1107: Predictors of Pegloticase Urate-lowering Response in the Presence and Absence of Methotrexate Co-therapy

James Mossell¹, Mai Duong², Katie Obermeyer², Lissa Padnick-Silver², Brian LaMoreaux² and Sanjay Chabra³, ¹Arthritis and Osteoporosis Center of South Georgia, Tifton, GA, ²Horizon Therapeutics, Deerfield, IL, ³Texas Arthritis Center, El Paso, TX

Background/Purpose: Pegloticase can lower serum urate (SU) in patients with uncontrolled gout who are refractory to/intolerant of oral urate-lowering therapies. However, antidrug antibodies (ADAs) can limit pegloticase treatment response and put patients at risk for infusion reactions (IRs).^1,2 Co-administering methotrexate (MTX) with pegloticase attenuates ADAs, resulting in improved response rates (71% vs. 39% during Month 6) and decreased IR risk (4% vs. 31%).³ Here we examine potential baseline factors that may influence urate-lowering response to pegloticase.

Methods: These analyses included uncontrolled gout patients who received biweekly pegloticase (8 mg) in the Phase 3 pegloticase registration¹ and MIRROR RCT² trials. Patients were included if they had received ≥1 pegloticase infusion. Treatment response was defined as SU < 6 mg/dL for at least 80% of Month 6. A classification and regression tree (CART) analysis was performed in patients who did (MIRROR RCT MTX arm) and did not (Phase 3, MIRROR RCT PBO arm) receive MTX co-therapy with pegloticase. CART analyses split datasets based on data homogeneity, providing insight on outcome prediction factors. The following pre-treatment factors were considered: patient age, sex, weight, BMI, SU, and ADA status (positive/negative).

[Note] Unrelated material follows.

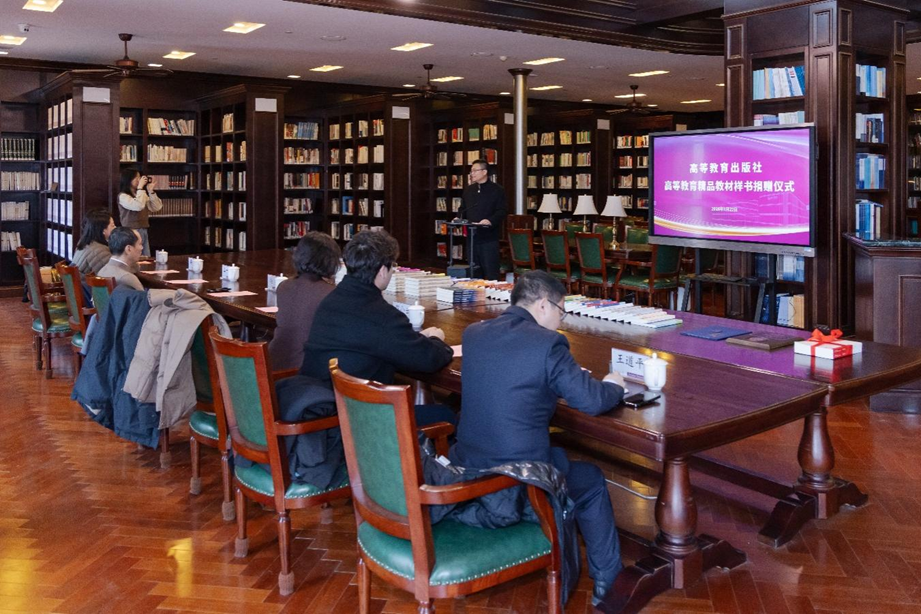 1月22日,高等教育出版社精品教材样书捐赠仪式在金融学院宁一弘道书斋举行。高等教育出版社经管法事业部主任于明、市场与教学服务部华北区负责人孙毅伟等一行,南开大学金融学院党委书记张尧、院长范小云、副院长陈璐及教师代表共同出席。仪式由金融学院副院长陈璐主持。

Results: Baseline characteristics in pegloticase monotherapy (N=134; age: 54.9±14.5 years, 82.1% men, BMI: 33.0±7.5 kg/m², weight: 99.2±23.3 kg) and pegloticase+MTX (N=96; age: 56.0±12.5 years, 91.7% men, BMI: 32.8±5.6 kg/m², weight: 102.6±19.4 kg) groups were similar. 57 monotherapy (42.5%) and 71 MTX (74.0%) patients were treatment responders. For the pegloticase monotherapy group, CART analysis selected an age cut-off of 46 years ( < 46 years: 14.7% response, ≥46 years: 59.0% response) as a first-level predictor and a body weight cut-off of 85 kg as a second level predictor (Figure, Part A). For the pegloticase+MTX group, CART analysis returned no decision tree. This finding indicates that no examined factors predicted pegloticase treatment response in the presence of MTX co-therapy. Although age did not predict treatment response in patients receiving MTX co-therapy, those ≥46 years of age had a higher response rate than those < 46 years of age (cutoff identified in the monotherapy group, 78% vs. 56%; Figure, Part B).

Conclusion: With pegloticase monotherapy, younger patient age and higher body weight were predictors of treatment failure. These findings are in agreement with pharmacokinetic studies showing an influence of ADAs and body surface area on serum pegloticase concentrations. However, in the presence of MTX-co-therapy, neither patient age nor body weight predicted response to pegloticase. These findings further support the importance of MTX co-administration with pegloticase to maximize the number of patients who may benefit from this often last-line therapy.




J. Mossell: Abbvie, 6, Amgen, 6, ANI, 6, Aurinia, 6, Boehringer-Ingelheim, 6, Glaxo Smith Klein (GSK), 6, Horizon Therapeutics, 6, Mallinckodt, 6, Scipher, 6, UCB, 6; M. Duong: Horizon Therapeutics, 3, 12, Stockholder; K. Obermeyer: Horizon Therapeutics, 3, 12, Stockholder; L. Padnick-Silver: Horizon Therapeutics, 3, 12, Stockholder; B. LaMoreaux: Horizon Therapeutics, 3, 12, Stockholder; S. Chabra: Horizon Therapeutics, 6.